Савельев А. [Шерман С.Г.] «Числа». № 1 // Руль. 1930. 26 марта. № 2837. С. 2.

 

 

 

А. Савельев

«Числа». № 1

 

«Мировоззрения, верования — все, что между человеком и звездным небом составляло какой-то успокаивающий и спасительный потолок — сметены и расшатаны…» «Какое-то новое мировоззрение или что-то еще неуловимое, но уже чувствуемое — сближая группу людей, объясняет им как-то иначе, нежели их предшественникам, писательское призвание, диктует им еще смутную, но уже явно несходную со всем предыдущим программу…».
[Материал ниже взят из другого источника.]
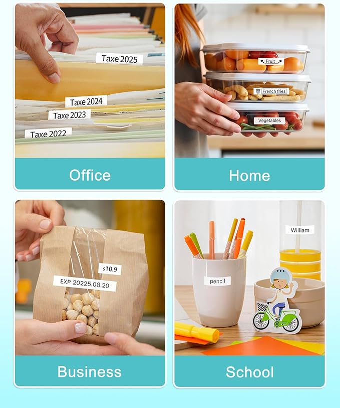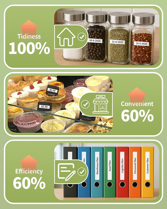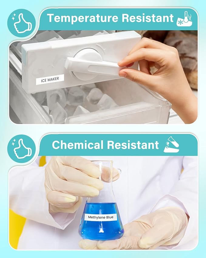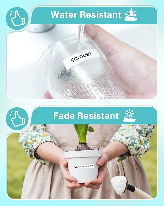 - Durable laminated ptouch tape:Withstands water, fade, sunlight, and temperature (-30°C to 120°C) for long-lasting labels that stay well at indoor & outdoor
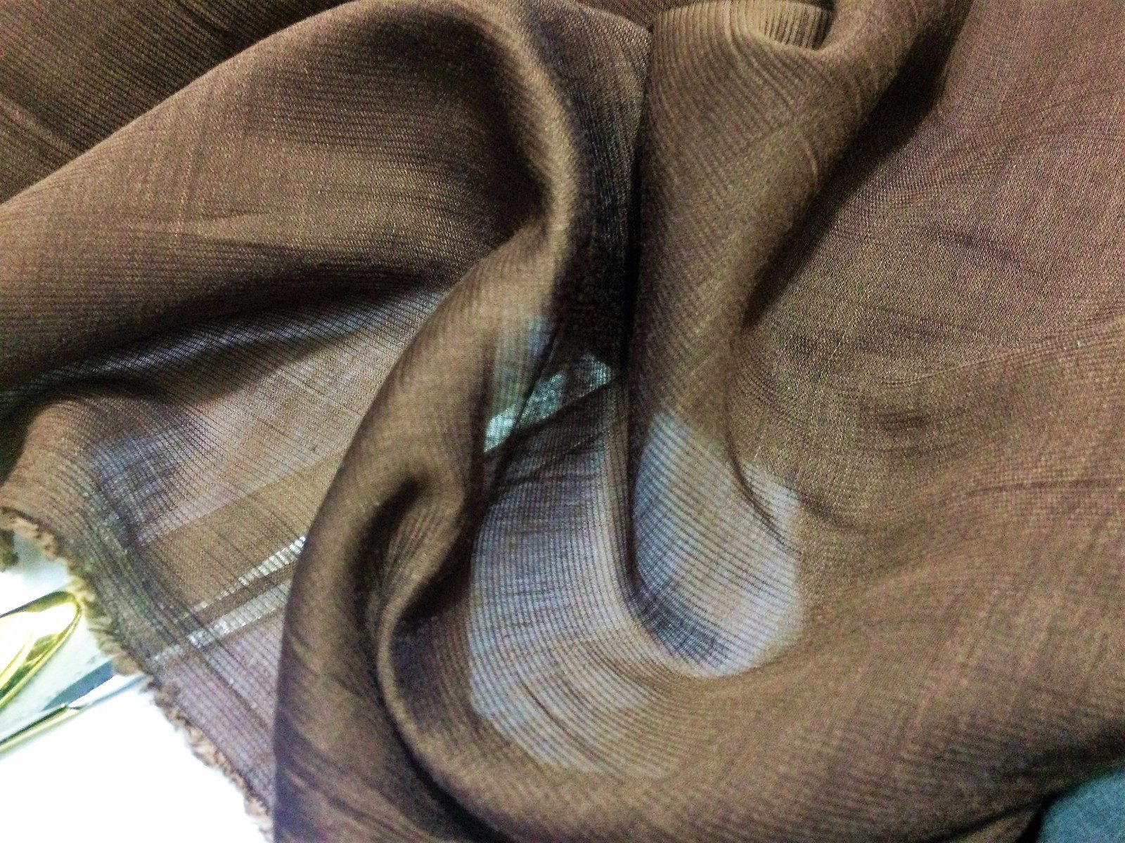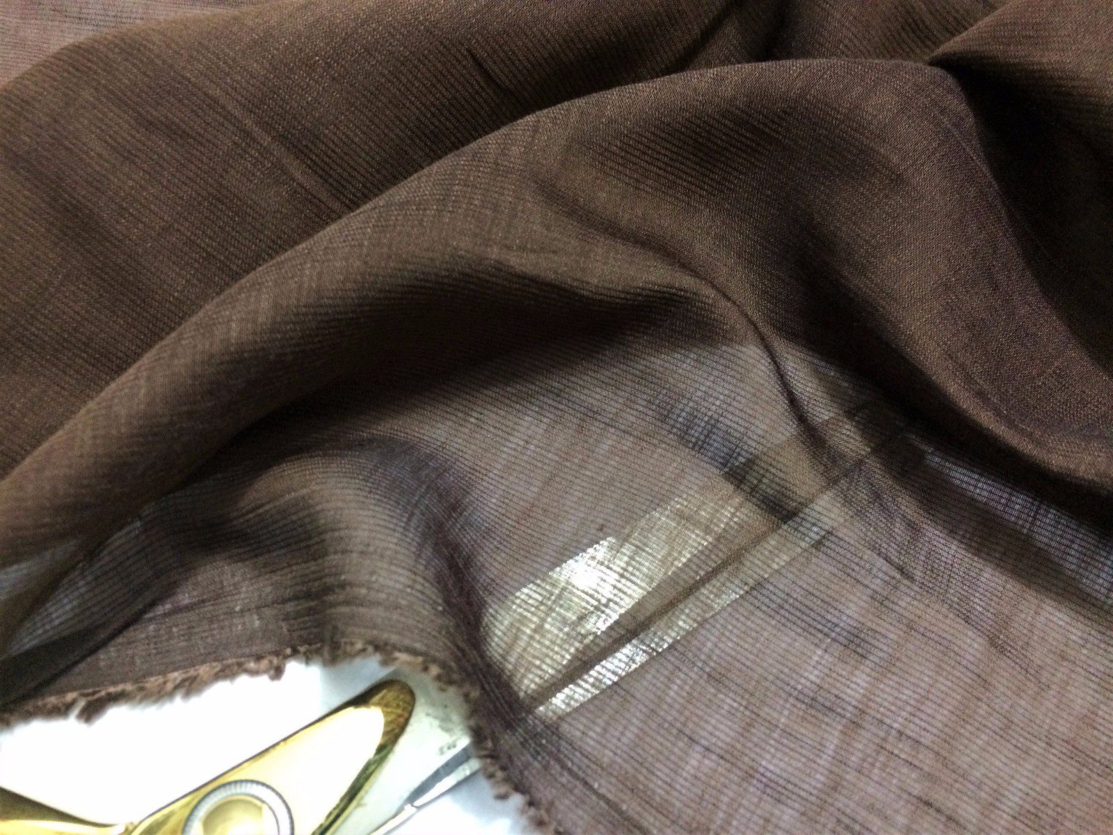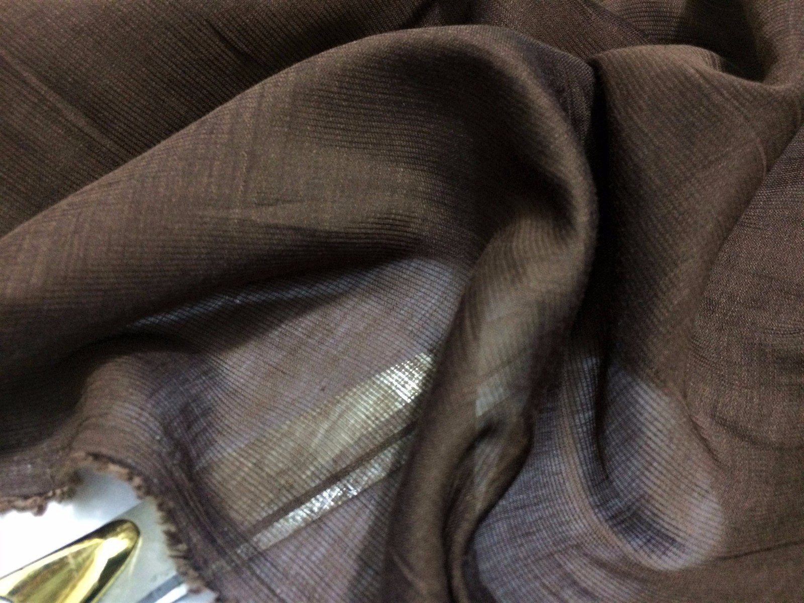 This luxurious brown silk chiffon fabric features a soft crinkle texture, offering both lightweight elegance and subtle movement. With its sheer quality and natural drape, it’s ideal for flowing dresses, scarves, evening wear, and delicate craft projects. The fine crinkled finish adds visual interest and texture to any design, making it a timeless addition to high-end fashion or accessories.

Эта группа людей, почувствовавших «неуловимое» и намечающих «явно несходную со всем предыдущим программу» объединилась вокруг нового журнала «Числа». Не без изумления читатель найдет, что большинство произведений, напечатанных в только что вышедшей первой книге, принадлежит постоянным сотрудникам «Современных записок» — старейшего за рубежом журнала, десятый год неизменно пребывающего под знаком культурного преемства и верности традициям. Г. Адамович, П. Бицилли, Г. Иванов, А. Ладинский, Н. Оцуп, Б. Поплавский, Ю. Сазонова, Г. Федотов, Л. Шестов и др. — все знакомые по «Современным запискам» лица. Вином старым, давно испробованным и влитым в новые меха, являются здесь и Антон Крайний, и Сергей Горный, и З.Н. Гиппиус, и даже Ир. Одоевцева. Обещанное в программной статье «вполне новое» должны, по-видимому, дать три молодых беллетриста (Г. Газданов, Ю. Фельзен и С. Шаршун) и то, главным образом, потому, что два из них вообще печатаются впервые. Читатель ни у одного из знакомых авторов не чувствует перелома, влекущего на новые пути.

За исключением, быть может, заметок о боксе и кинематографе, в журнале нет ни одной статьи, которая могла бы оказаться принципиально неприемлемой для тех же «Современных записок». Если некоторые произведения при этом и пострадали бы, то вовсе не за «явно неисходную со всем предыдущим программу», а исключительно из-за относительно повышенных требований к качеству и форме. Одинока в журнале и пока совершенно не оправдана программная статья, хотя и придан ей стиль литературного манифеста доброго старого времени.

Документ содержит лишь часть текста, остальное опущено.